- [ACTION ITEM]
Please set down the data word for word; images do not go in the copy.

- [SOURCE DATA]
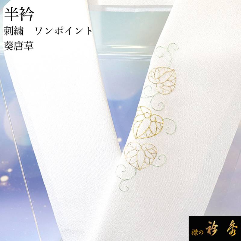 衿秀 公式 半衿 はんえり 刺繍 ワンポイント 葵唐草 洗える ポリエステル 日本製 和装小物 和小物 えりひで 襟の衿秀
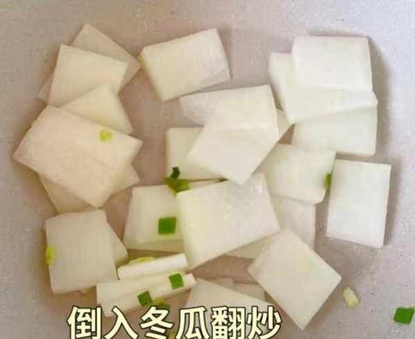 第五步:加入一些冬瓜,稍微炒一下,加入两大杯水,把汤烧开,转小火继续煮。
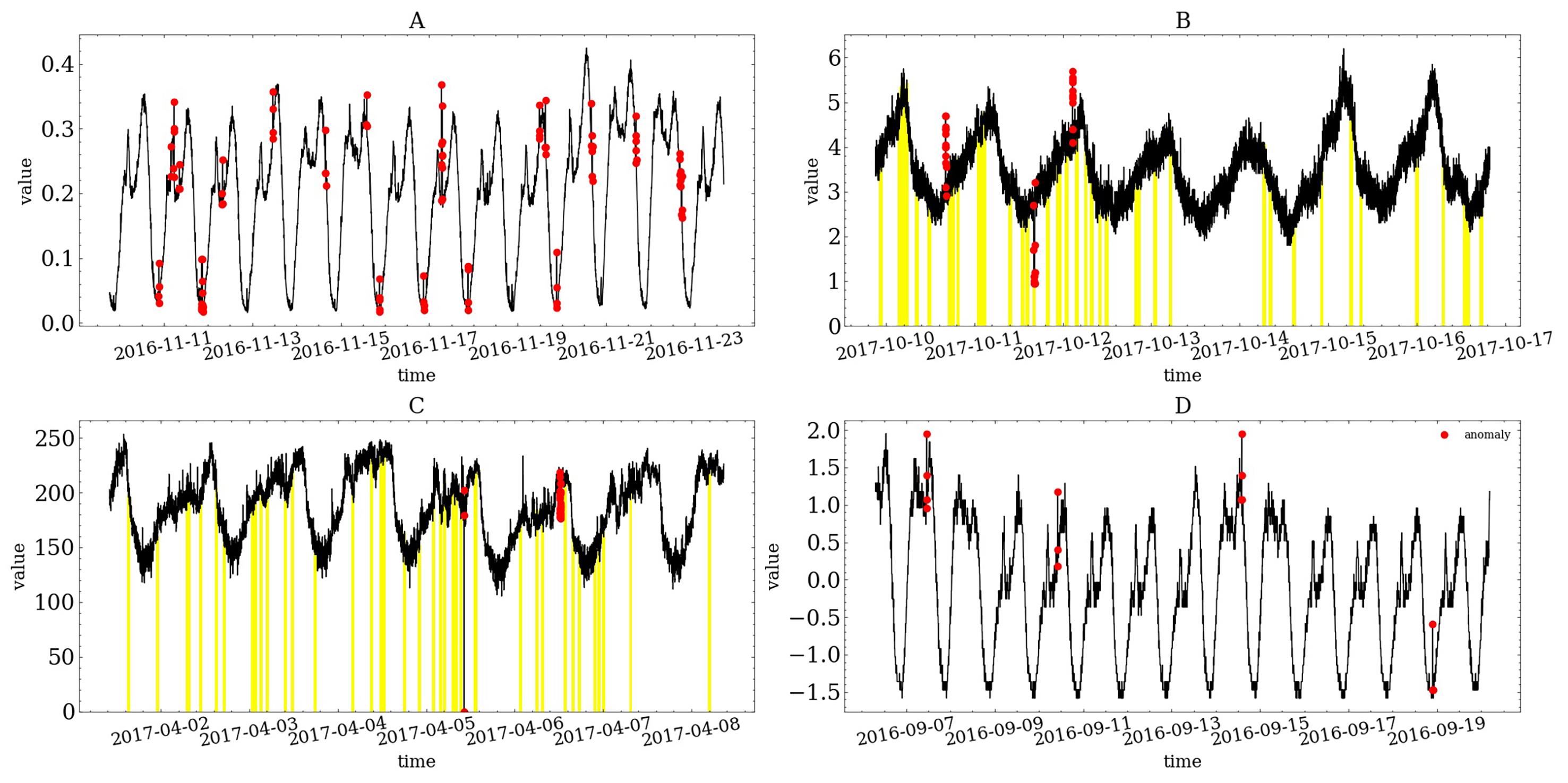 | 图3 本文所用时间序列数据(红色标注异常,黄色标注缺失) |

- [EXPECTED ANSWER]
 衿秀 公式 半衿 はんえり 刺繍 ワンポイント 葵唐草 洗える ポリエステル 日本製 和装小物 和小物 えりひで 襟の衿秀
 第五步:加入一些冬瓜,稍微炒一下,加入两大杯水,把汤烧开,转小火继续煮。
 | 图3 本文所用时间序列数据(红色标注异常,黄色标注缺失) |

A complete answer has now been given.